Stocks dropped on Tuesday and were expected to begin lower after markets trembled at unexpectedly dismal Chinese trade data and a warning about the health of US banks.
The Dow Jones Industrial Average (DJI) futures decreased by 180 points, or around 0.5%. The S&P 500 (GSPC) and the heavily weighted Nasdaq 100 were both down roughly 0.5% at the same time.
Bank Can Recover
After statistics revealed a far worse-than-anticipated decline in Chinese imports and exports in July, hopes for a global economic recovery that may boost equities were dashed on Tuesday. The dismal results show that demand is still declining, which lessens the likelihood that the second-largest economy in the world can recover.
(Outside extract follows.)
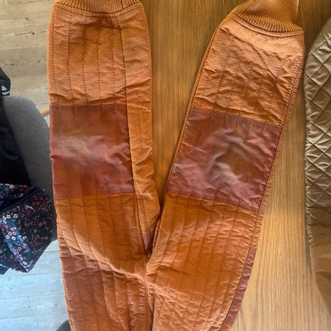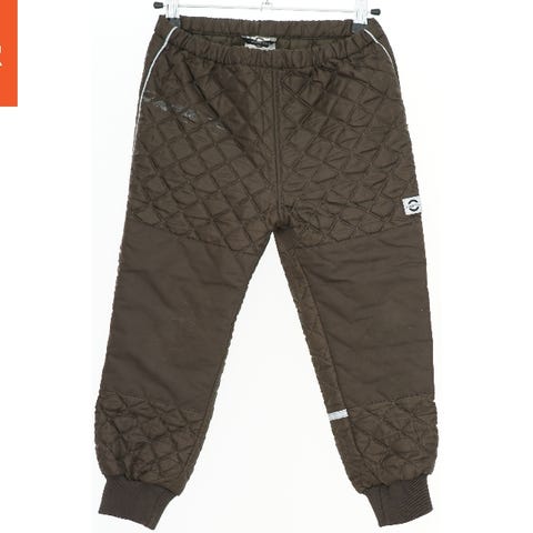 Mikk-Line termobukser dreng bukser i størrelse 86, farve blå, lavet af akryl materiale. Bukserne har elastik i taljen og ribkant ved anklerne, med quiltet mønster og stjernedetaljer på knæene.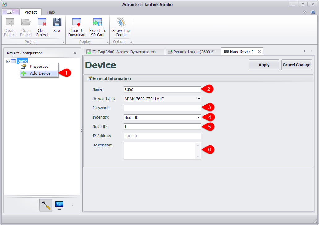 1. Right-click on the project name to add a device.

A Moody’s downgrading of 10 small and midsize US banks that came with a warning that it would drop credit ratings for some of the biggest lenders in the country further dampened emotions. It highlighted possible stressors in the industry, which has been keenly studied since the financial crisis earlier this year, in their commercial real estate assets.
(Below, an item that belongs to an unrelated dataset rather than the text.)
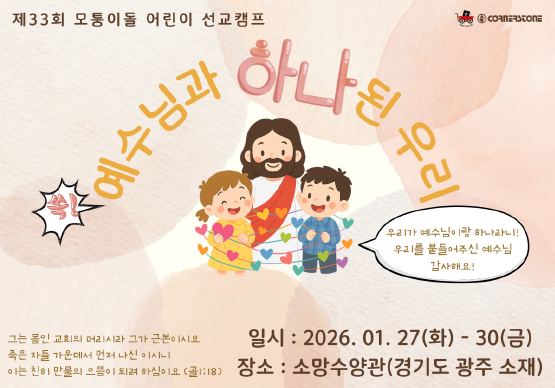 2026년 1월 27-30일에 진행되는 모퉁이돌 어린이 선교캠프에 초청합니다!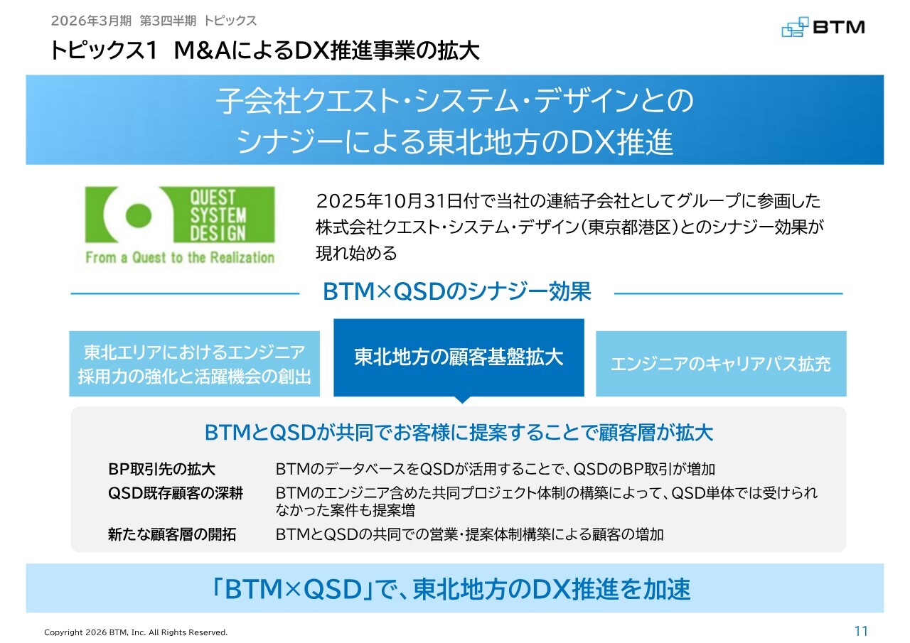 2026年3月期第3四半期のトピックスです。1つ目は、M&AによるDX推進事業の拡大です。子会社であるクエスト・システム・デザインとのシナジーにより、東北地方のDX推進が進められています。クエスト・システム・デザインは東京と山形に拠点があり、特に山形の拠点は規模が大きいのが特徴です。

Federal Reserve Once Again Suspend It’s Rate

Source: MARCA
While this was going on, bank stocks throughout Europe plummeted when the Italian government announced it would impose a 40% windfall tax on bankers’ earnings, sparking concerns that other nations may follow suit. The reaction reduced the market value of banks by $10 billion.
Investors are anticipating the release of the July inflation data on Thursday in order to determine whether the Federal Reserve will once again suspend its interest rate rises. These uncertainties about the state of the economy are beginning to surface.
Another round of earnings reports is about to arrive, which might provide additional insight into the state of Corporate America. Among the highlights are the results from Fox Corp (FOXA), Restaurant Brands (QSR), Eli Lilly (LLY), UPS (UPS), and Eli Lilly.